Data Source and Study Population
CRC incidence data were obtained from US population-based cancer registries participating in the National Program of Cancer Registries (NPCR) of the Centers for Disease Control and Prevention (CDC) and/or the Surveillance, Epidemiology, and End Results (SEER) Program of the National Cancer Institute (NCI).2, 14 The SEER Program began collecting data in specific geographic regions in 1973. The NPCR was established in 1992 in response to the congressional Cancer Registries Amendment Act (Public Law 102-515).15 Data from both the NPCR and the SEER Program are reported using standardized data items and codes according to the North American Association of Central Cancer Registries.16 Together, these registries cover 100% of the US population. However, because we excluded registries that did not meet high-quality data criteria2 for all study years, 1999 through 2004, our analytic file covered 92% of the US population and represented 44 states and the District of Columbia. Data for the population denominators that were used to calculate incidence rates were derived from the 2000 US Census.2 The data used for this study were reported to the CDC as of January 31, 2007 and to the NCI as of November 1, 2006. The NPCR Cancer Surveillance System was approved for research (protocol 2594) by the CDC Institutional Review Board.
Definition of Variables
Incidence rates were stratified by age, sex, race/ethnicity, anatomic subsite, and stage at diagnosis. We analyzed data in 5-year age groups (ages 40-44 years, 45-49 years, 50-64 years, and ≥65 years). Individuals aged <40 years were excluded from the analysis because of small overall case counts for the combined years. We used these age categories to assess the burden of disease in individuals for whom early screening has been recommended (aged ≥45 years) and those for whom screening currently is recommended (aged ≥50 years), for the pre-Medicare and Medicare-eligible populations. Racial groups were defined as white, African American, Asian or Pacific Islander (API), American Indian/Alaska Native (AI/AN), and “all races,” which also included individuals of other or unknown race. Race and ethnicity categories were not mutually exclusive. Ethnicity was defined as Hispanic and non-Hispanic.
The anatomic subsites for proximal colon, distal colon, and rectum were categorized according to International Classification of Diseases for Oncology, third edition (ICD-0-3) topography codes and were grouped as noted by Wu et al.17 The right or proximal colon included cancers of the cecum (ICD-0-3 code C18.0), ascending colon (code C18.2), hepatic flexure (code C18.3), transverse colon (code C18.4), and splenic flexure (code C18.5). The proximal colon included subsites that most commonly are evaluated by colonoscopy only and may not be within the reach of a sigmoidoscope. The left or distal colon included the descending colon (code C18.6) and the sigmoid colon (code C18.7) or cancers within the reach of a flexible sigmoidoscope. The rectum included the rectosigmoid junction (code C19.9) and the rectum, not otherwise specified (code C20.9). Statistical analyses for “all colorectal cancers” also included cancers of the appendix (code C18.1); the colon, not otherwise specified (code C18.8, 18.9); and the intestinal tract, not otherwise specified (code C26.0). Although there are several ways to define the proximal versus distal sites, we chose this definition because it aligns better with the use of colonoscopy versus sigmoidoscopy.

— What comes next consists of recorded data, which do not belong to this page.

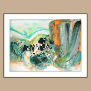 Elevate your aesthtic with this contemporary work of art that draws attention with its modern design full of movement and nuance, effortlessly blending muted colors. This artwork is a captivating surface evoking a sense of depth within the expressive color palette.
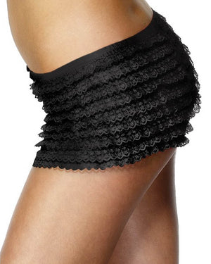 These boyleg style Black Lace Ruffle Shorts are ideal under shorter costumes or on their own. The shorts feature ruffles on the front and back.
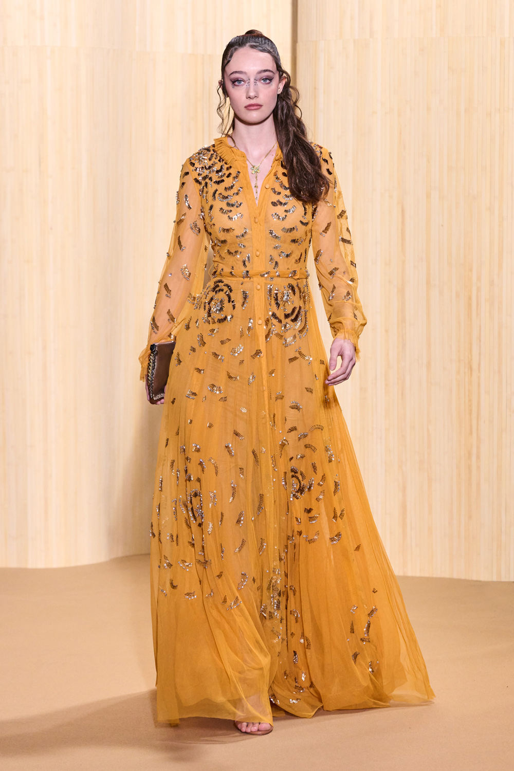 Pour sa collection Automne-Hiver 2024, le créateur Christophe Guillarmé a été inspiré par l’espionne et artiste de cabaret Mata Hari courtisane et égérie dramatique de la Belle Époque, danseuse teintée orientaliste mais également intrigante, son destin tragique et glamour est captivant. Une glamazone à l’image de sa contemporaine Calamity Jane.
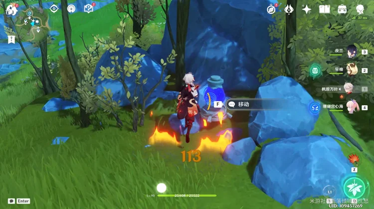 接下来打碎水琥珀,等待「水种子」出现,站在水里面等待几秒或者用水元素角色放技能,增加「水种子」,三个「水种子」可转变成『水之核』,将『水之核』放在火把旁边可熄灭火把。
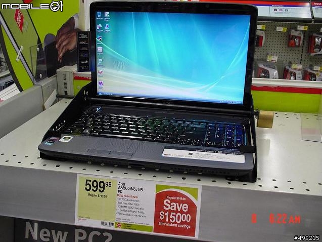 今天看到一台新機:Aspire 6530G-822G32一開始看到型號,沒覺得什麼特別的,以為只是新AMD CPU的機種而已。等真看到實機才發現一些特別的地方,取消6920G、6935G上的多媒體飛梭觸控台,改成獨立數字鍵盤,不過還是有多媒體快捷鍵;更好玩的是,顯卡式是採用ATI HD 3470 Hybrid X2,不知道這功能在nb上效果如何?!真沒想到台灣是先出16吋的機種

Categories for the stage at diagnosis followed SEER Summary Stage guidelines.18 Malignant, microscopically confirmed tumors were defined as localized (invasive tumors confined to the colon or rectum), regional (tumors that invaded surrounding tissues, organs, lymph nodes), distant (metastasized tumors), and unstaged or unknown disease.18
We described incidence by US Census regions. Coverage of the study population was 100% for the Northeast and West, 98% for the Midwest, and 80% for the South.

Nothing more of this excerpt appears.